Certain rights are not absolute under the applicable legislation (as sometimes there may be overriding interests that require the processing to continue, for example); nonetheless we will consider your request and respond to you.
Finally, you have the right to lodge a complaint with the supervisory authority in the jurisdiction where you live or work, or in the place where you think an issue in relation to your personal data has arisen (for Greece: www.dpa.gr).

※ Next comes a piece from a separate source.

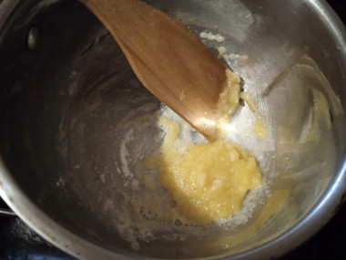 Всыпьте в сковороду муку и перемешайте до однородности.

11. Retention of personal data
We will retain personal data for as long as necessary to fulfil the purpose for which it was collected or to comply with legal, regulatory, reporting or internal policy requirements. To determine the appropriate retention period for personal data, we consider the applicable legal requirements, as well as the amount, nature and sensitivity of the personal data, the potential risk of harm from unauthorized use or disclosure of your personal data, the purposes for which we process your personal data and whether we can achieve those purposes through other means, as well as the time periods, during which such personal data may need to be retained as evidence in an actual or potential judicial context.
12. How to contact us
If you have a query regarding the processing of your personal data or you would like to exercise any of your rights in connection with your personal data or receive a copy of the safeguards designed to protect personal data in the case of transfer of your personal data outside the EEA or obtain further information on the retention periods of personal data, please contact the Data Protection Officer of HAU exclusively at: email@example.com, or send a letter to the mailing address mentioned above.
13. Changes to this Website Privacy Notification
We may revise this Website Privacy Notification from time to time. The most current version of this Notification, which will always be available at this Website, will govern the processing of your personal data by HAU. By continuing to access and use this Website you agree to be bound by the Website Privacy Notification which is in place and in force at the time of each visit.